- Directed by: Vernon Sewell
- Written by: unconfirmed
- Produced by: Vernon Sewell Walter d'Eyncourt
- Starring: Nigel Patrick Cyril Raymond Joan Carroll Darcy Conyers Vernon Sewell
- Cinematography: Moray Grant
- Music by: Frank Spencer
- Production company: Vernon Sewell Productions
- Distributed by: Exclusive Films
- Release date: 7 February 1949;
- Running time: 73 minutes
- Country: United Kingdom
- Language: English

= The Jack of Diamonds =

1949 British adventure film

The Jack of Diamonds is a 1949 British adventure film directed by Vernon Sewell and starring Nigel Patrick, Cyril Raymond and Joan Carroll. Its plot follows an ex-soldier who persuades some yacht owners to help recover a treasure chest of jewels he hid off the French coast in 1940 during the Second World War. It once was considered a lost film, but is now available through various private collectors.

==Plot==
A once wealthy but now impoverished English couple, Roger and Joan Keen, are forced to offer their yacht for charter. It's taken by a man claiming to be an Alan Butler, who wants to sail to the coast of France to recover a sunken chest of jewels given to him, three years ago, by a Frenchman who'd trusted him to look after them until the war ended, but Butler's ship had sunk before being able to return safely to England. Joan meets a French woman named Giselle. Without knowing the purpose of Joan's real reasons for being in France, a melancholy Giselle confides to her the story of how her father had entusted his jewells to an Alan Butler during the German occupation; how Butler's ship had sunk; and that she thought the recovery of them without knowing the ship's location was hopeless. Butler finds the treasure whilst Roger and Joan are ashore with Giselle. Upon their return, and after it's revealed the man claiming to be Butler is an imposter who'd once known him, he sets the others adrift, and steals their boat. He is captured after a chase, and set adrift himself with his accomplices. Their rightful owner, Giselle, generously shares with the jewels with Joan and Roger.

==Cast==
- Nigel Patrick as Alan Butler
- Cyril Raymond as Roger Keen
- Joan Carroll as Joan Keen
- Dolly Bouwmeester as Giselle
- John Basings as Parsons
- Darcy Conyers as Colin Campbell
- Vernon Sewell as engineer
- Edwin Richfield as George Paxton
- Guy Romano as Douamier

==Production==
Sewell filmed parts of the film on his own personal yacht.

==Critical reception==
The Monthly Film Bulletin wrote: "Neat dialogue, plausible characterisation and good photography are the main features of this pleasantly unpretentious piece of film making. The cast, headed by Nigel Patrick as Butler, and Cyril Raymond and Joan Carol as the Keens, enters more than competently into the general spirit of adventure."

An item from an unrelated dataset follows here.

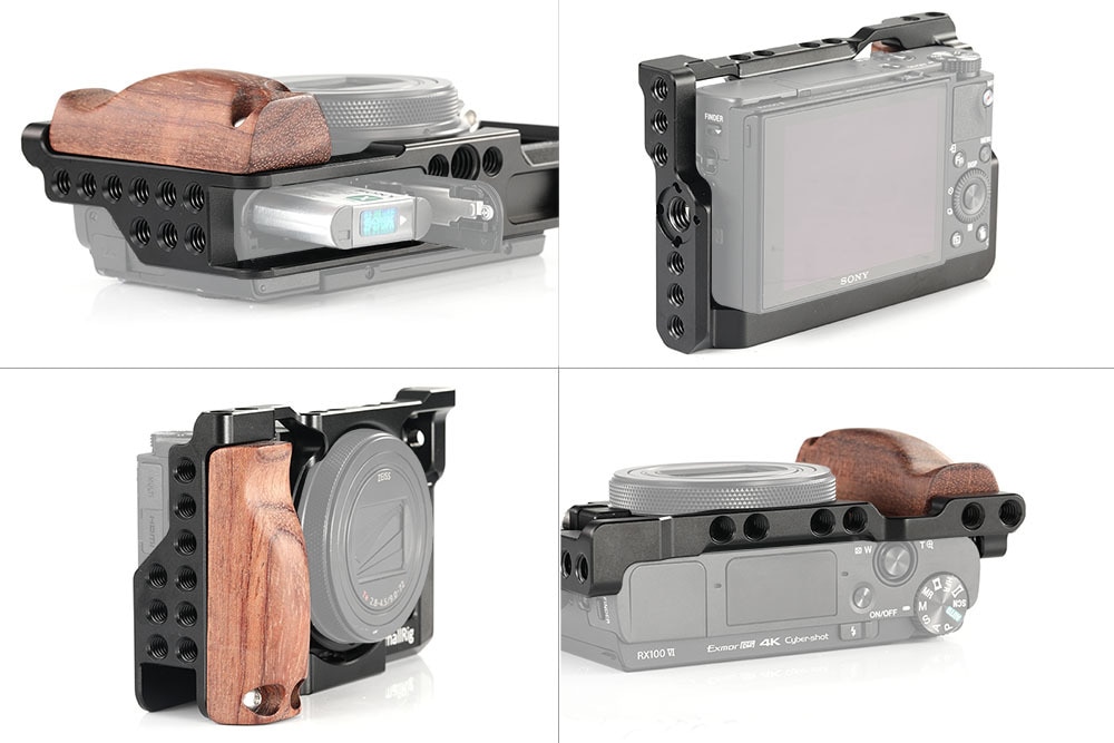 Cage for Sony RX100 M6 Seats the camera firmly with the lens ring and blocks no access to ports and buttons Removable wooden side grip for comfortable hand-held shooting Versatile interfaces (1/4’’ and nato rail) for flexible accessory attachment

Kine Weekly wrote: "The hand-picked leading players display plenty of spirit and their eager teamwork, coupled with authentic and picturesque backgrounds, brings out the best in the engaging and exciting piratical yarn. Independent of the studio, it obviously cost no fortune to make, but every cent is on the screen. ... The picture takes quite long enough to unfold, but, although it ships a little water as it nears the end of its Channel adventure, the enthusiasm of the cast, director and technicians never wanes. A jolly and lively improvisation, it's certain to register with the general run of picturegoers. It has a real salty tang."

TV Guide gave the film two out of four stars, writing: "This well-paced effort takes full advantage of its characterizations and the high seas background."